The proposed 16-week Music-with-Movement Simultaneous Cognitive-Motor Dual-Task Training (MM-SDTT) aims to evaluate its effects on the cognitive and physical performance of older adults with cognitive frailty. The MM-SDTT is designed to engage participants through music with cognitive and physical training. The intervention will include warm-up exercise, rhythmic marching, singing familiar songs, dancing workout, stretching exercise with relaxing music, and cool-down exercise. The intervention protocol has been designed according to the guidelines of the American College of Sports Medicine and evidence of previous music-with-movement intervention research.

The study will recruit older adults aged 60 and above, who live in the community and can walk independently, and also have cognitive frailty. Participants will be randomly assigned to either the treatment group or a social control group. Participants in the treatment group will undergo 16-week MM-SDTT consisting of once-weekly center-based training supervised by a coach and twice-weekly home-based training with provided training videos. The logbook and wearable sensor will be used as tools to monitor and record physical activity. Participants in the social control group will participate in social gatherings once weekly over the 16 weeks without affecting the usual care. The MM-SDTT is expected to improve the cognitive and physical functions of older adults with cognitive frailty.

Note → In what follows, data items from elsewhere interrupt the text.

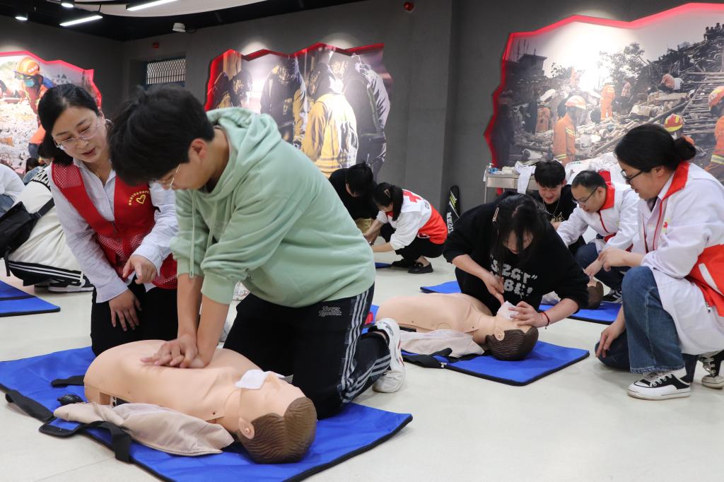 理论学习结束后,10位专业老师分别利用模型讲解并示范了心肺复苏的操作步骤与要点。现场师生参与互动积极体验心肺复苏操作,大家反复练习、不断纠正各环节的姿势、手法,确保动作标准、力度到位。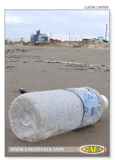 Os veranistas que foram para a beira da praia neste domingo, dia 4, tiveram que dividir espaço com o lixo. No Balneário Rincão, a maré trouxe para a areia garrafas de cerveja, de água e copos plásticos. A natureza devolveu aos poluidores o que a ela não pertence.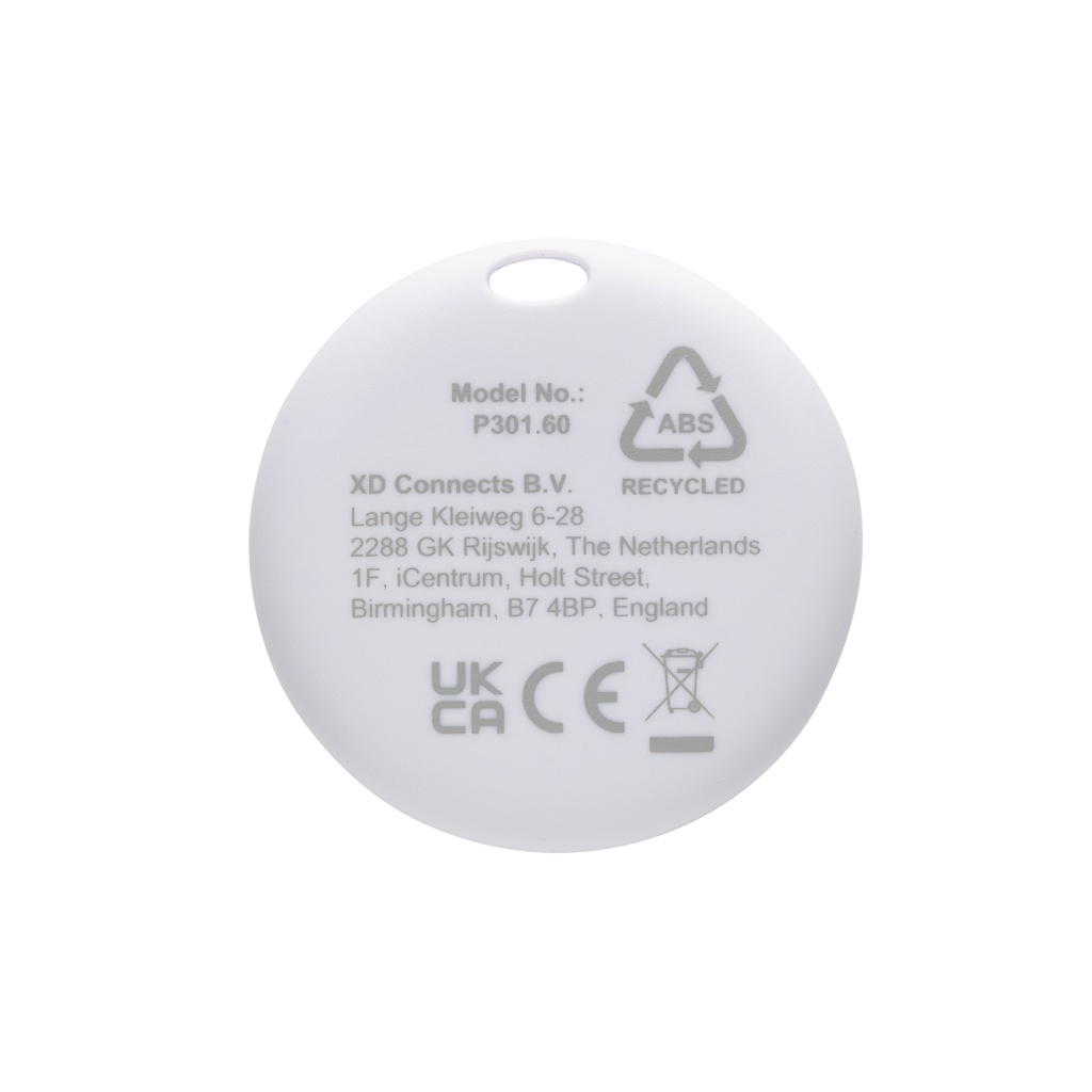 Keep track of your favourite items, no matter where in the world you are with this recycled ABS item finder. Attach the item finder to your wallet, key or add it to a bag, luggage or even your pet to locate it easily using the Apple Find My App. Compatible with all Apple devices (iphone, ipad, iwatch, MAC) With lost mode to notify you when you are leaving your belongings. With integrated beeping signal via speaker to find your devices when you are near. Battery life depending on usage up to 1 year, after that the CR2032 can be replaced. Packed in plastic-free FSC mix box. Total recycled content: 50% based on total item weight. RCS certification ensures a completely certified supply chain of the recycled materials. PVC free.

The protocol aims to evaluate the immediate effects (sixteen weeks after weekly supervised sessions, i.e. on the 16th week) and the mid-term effects (three months when the intervention has been completed, i.e. on the 28th week). Hypotheses include that the treatment group will show greater improvements in global cognitive functions compared to the control group at Week 16, as well as greater enhancements in physical and cognitive performance than the control group at Week 16 and 28.

Overall, this research addresses the research gap in interventions for older adults with cognitive frailty, aiming to provide an evidence-based approach to improve their cognitive and physical health outcomes. The anticipated findings might have significant implications for the development of early-stage interventions and clinical practice that can enhance the quality of life for this vulnerable population.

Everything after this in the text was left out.